Пицунда
Шрифт:
Сверкнула под карнизом бахрома сосулек… Да-да, живое чудо парков, рощ, могил; искусство осваивает тревожно-мистические пустоты, но – опять: мало что-то вспомнить, надо ещё многое додумать-придумать, надо написать (хотя бы записать) воображённое, найдя слова для проносящихся и гаснущих, как падающие звёзды, образов; врождённая медлительность – никогда не успевал загадать желание. И – как же можно! – три темы сразу. Прочитав последнюю фразу, не поймёшь, кто в кого влюблён, кто, зачем и когда встречался, кто погиб и кто цел остался, и кто автор и кто герой, и к чему нам сегодня эти рассуждения о поэте, и каких-то призраков рой… Вот-вот!

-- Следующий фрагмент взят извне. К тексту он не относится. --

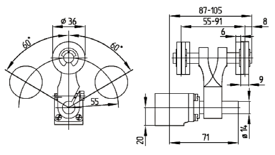 - ● :對(duì)耐溫型產(chǎn)品,滾輪可以安裝在軸兩個(gè)不同位置上
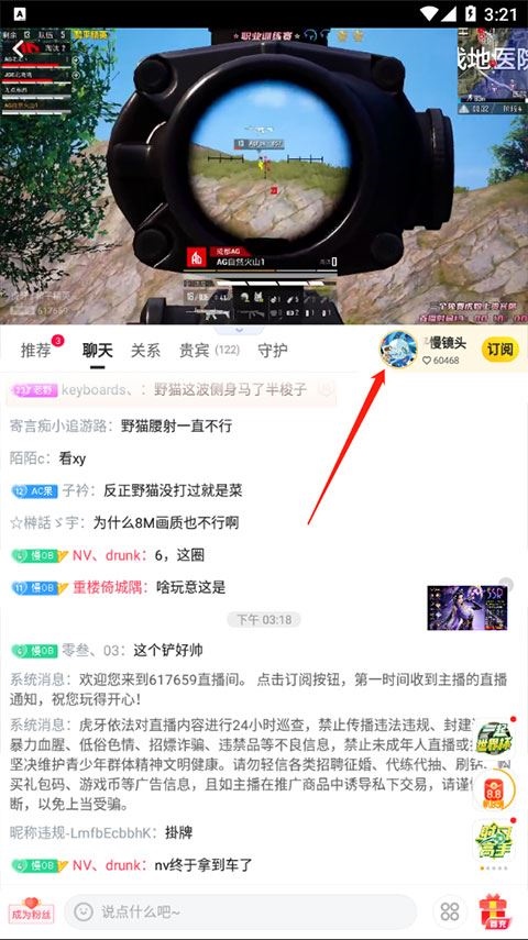 3、在直播间,点击主播的头像。

Чем не эпиграф? Поскольку поэзия мыслит сжатыми формулами чувств, надо бы найти формулу, способную (охватив роман), выделить и обобщить-обозначить главное в нём. Любопытно – подобрать эпиграф к отсутствующему тексту, лишь к смутному предчувствию-ощущению? И стало быть, подбирая, угадывать суть будущего сочинения? Так: смысл из одного (поэтического)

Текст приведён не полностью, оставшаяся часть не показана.